Я догадался: к девушке? Смысл своего вопроса я передаю без ошибки, саму словесную форму время не пощадило. Но услышал диковинный ответ: завтра физра. Вове нельзя опаздывать на лыжи!
Я не понял. Так это по-детски прозвучало: физра! — из далекой страны, где остались «чешки», «маты» и «спортивки» с коленками, отвисающими, как грустные кадыки, что я даже рассмеялся: херня какая-то! — извините, в смысле: несообразность. Да вы чо? Вы, ни разу не сделавшие зарядку, два года клявшиеся припухать и никогда не вставать в шесть утра, теперь собираетесь ходить на физкультуру, как зачморенные салабоны?! Вы, закалывающие историю партийной печати, диамат, основы литературоведения, английский, субботники, античную литературу и комсомольские собрания, боитесь опоздать на «лыжи»?
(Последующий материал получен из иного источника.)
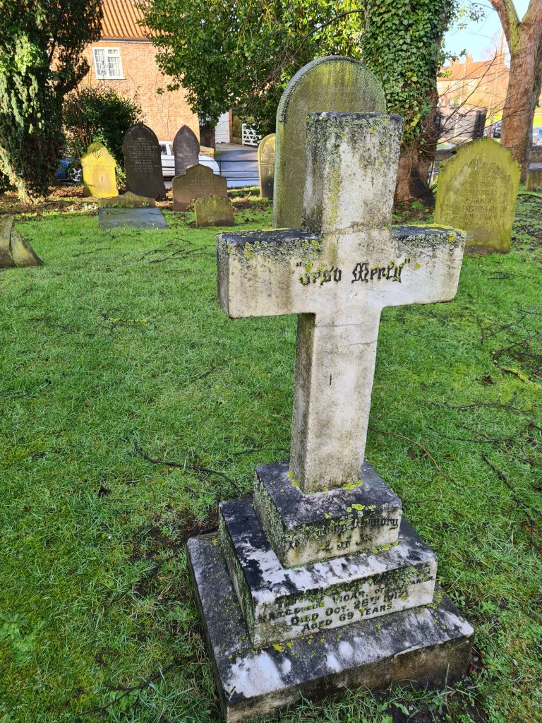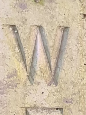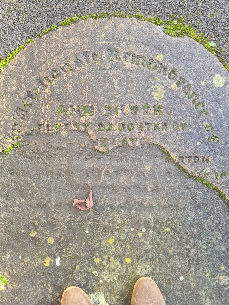 This gravestone lies on the floor path around the outside of the church. These gravestones are predominately limestone which explains the erosion of this stone. The weathering on the stone hints to the age of the grave which, from analysing the details, was from the 19th Century (1800s). Having researched further, I’ve found an excavation document showing the age of this stone to be 1878. The growth of moss and other plants around the letter aids the sign of aging and gives a beautiful aspect to an otherwise morbid form of lettering.
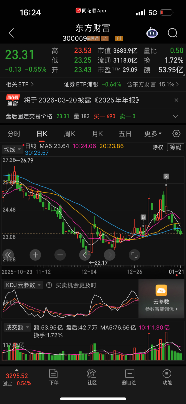 $东方财富(SZ300059)$ 明天再开一个中阴线,我就重新回来了。这波吃了10个点没走,后面5个点走的。不然到今天又亏钱了
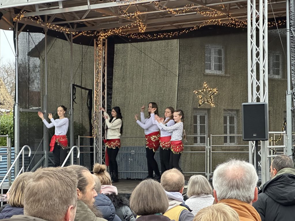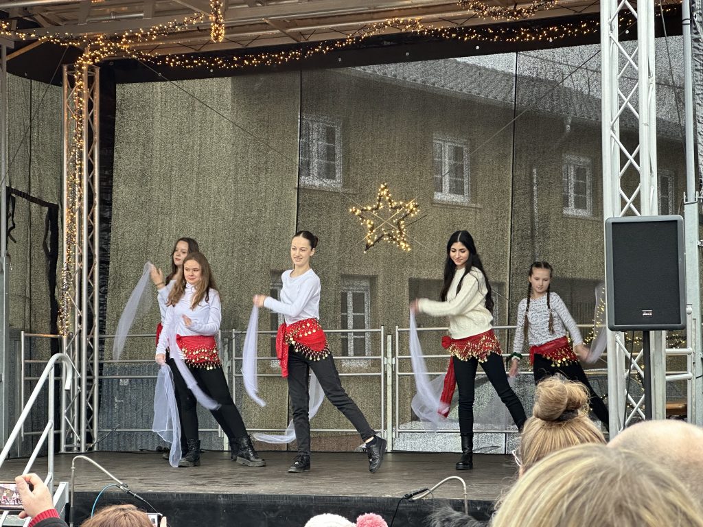 Die Realschule plus Wöllstein war in diesem Jahr wieder mit zwei Beiträgen auf dem Wöllsteiner Weihnachtsmarkt vertreten. Das Sonntagsprogramm eröffnete um 14:00 Uhr unsere Bauchtanz-AG unter Leitung von Alexandra Decker-Jack mit zwei einstudierten Tänzen. Um 15:00 Uhr zeigte unsere Tanz-AG unter Leitung von Tobias Röhlich ihr Können und begeisterte ebenso das Publikum, dass nicht mit Applaus sparte.
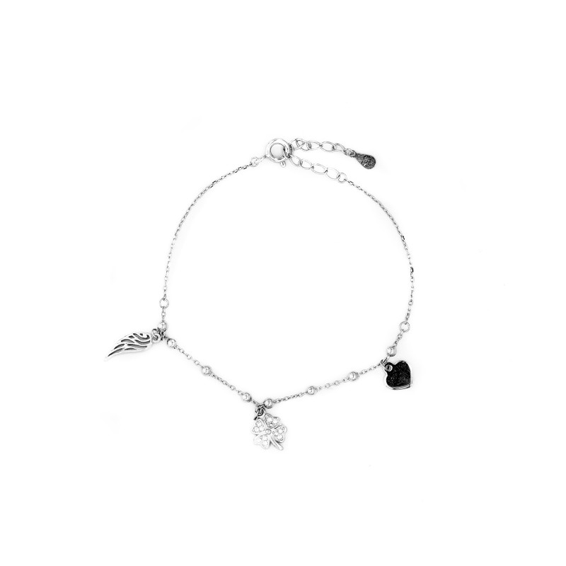 Srebrna bransoletka z motywem serca, skrzydła i błyszczącej czterolistnej koniczyny udekorowanej białymi cyrkoniami. Wykonana z najwyższej jakości lśniącego srebra próby 925. Fabrycznie nowa.
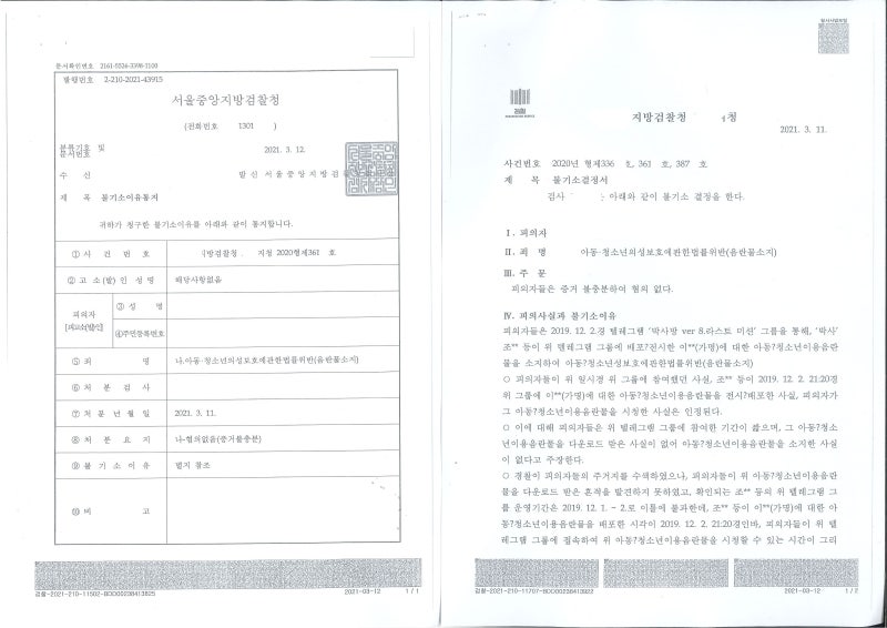 지난주 수요일과 목요일에 아동청소년성보호에관한법률(아청법) 아청물소지죄 피의사실에 대하여 혐의없음 불기소처분을 받은 건이 있어 소개합니다.
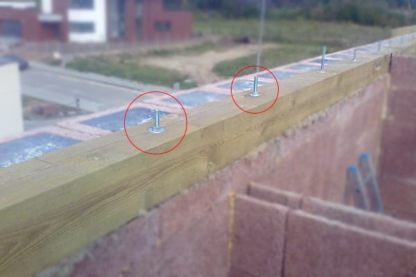 Inkarai murloto tvirtinimui dedami į 2 viršutines blokelių eiles ir užliejami betonu.Inkarų kiekis ir išdėstymo tankis skaičiuojamas kiekvienam projektui atskirai priklausomai nuo stogo konstrukcijos.
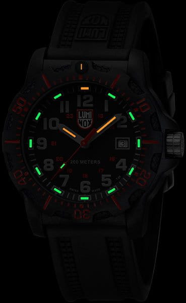 Швейцарский кварцевый механизм RONDA с аналоговой индикацией. Точность хода с погрешностью не более -10/+20 сек. в месяц. Центральные часовая, минутная и секундная стрелки. Индикация даты в апертуре на отметке «3 часа». Комбинированный корпус из композитного полимерного материала армированного углеволокном - карбона. Диаметр корпуса составляет 45 мм, толщина – 13 мм. Поворотный однонаправленный безель, вращающийся щелчками против хода часовой стрелки. Капсула на «12 часах» со светящимся оранжевым элементом «тригалайт». Сапфировое стекло с антибликовым покрытием имеет повышенную стойкость к появлению царапин. Циферблат с гладкой поверхностью, контрастные рисованные цифры и разметка в стиле «милитари». Яркая фирменная подсветка с газообразным тритием – на часовой и минутной стрелках, а так же на разметке циферблата установлены микроскопические запаянные трубочки с газообразным тритием, обеспечивающие непрерывное свечение до 25 лет подряд, зеленого и оранжевого цветов. Задняя крышка имеет винтовое соединение с корпусом. Переводная коронка имеет двойную защиту Double-Security Gasket. Водостойкость 200 метров (20 АТМ). Прочный и эластичный полимерный ремешок с тисненой поверхностью, стандартная застежка с двойным шипом.
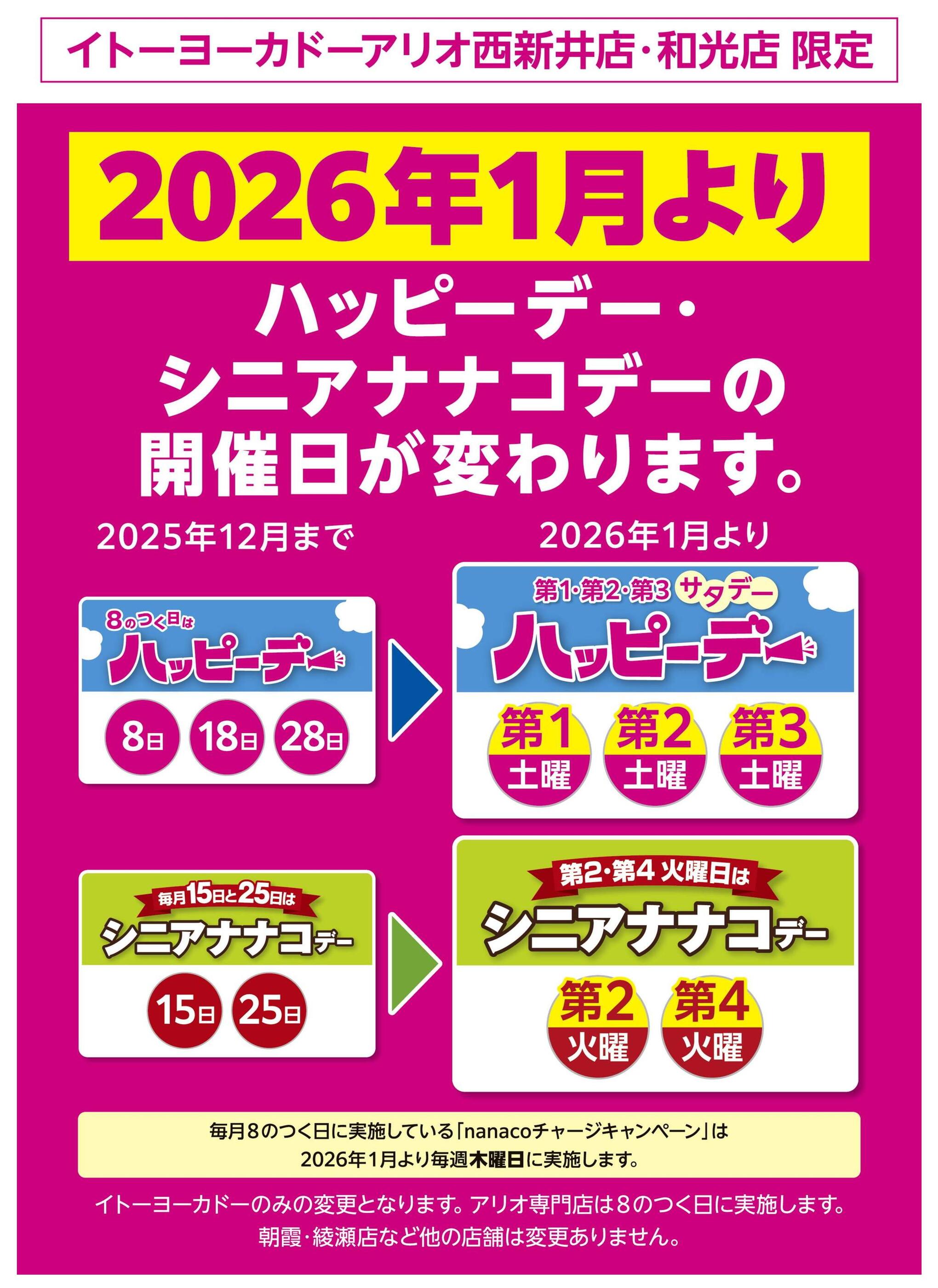 - 1/1(木)~1/31(土) 見逃し注意!!1月お買得Day/2026年1月よりハッピーデー・シニアナナコデーの開催日が変わります (2枚)

Тяжелое молчание было мне ответом, все опечаленно разошлись по своим углам, за шкафы, обклеенные вырезками из «Плейбоя», и откуда-то глухо донеслось: «Ты сам все поймешь».
В один из последующих дней (а скорее всего, наутро) вот что я должен был узнать: «дембеля» не подозревали, что прорвались на журфак именно в то трагическое двадцатилетие, когда он получил звание «факультета спорта с небольшим журналистским уклоном» — верховодил на факультете не тихий декан Засурский, а заведующая кафедрой физического воспитания Светлана Михайловна Мишина (многие хронисты именуют ее «Гестаповна» — я этого не запомнил, но согласен полностью), сосредоточившая в своих руках колоссальную и бесконтрольную…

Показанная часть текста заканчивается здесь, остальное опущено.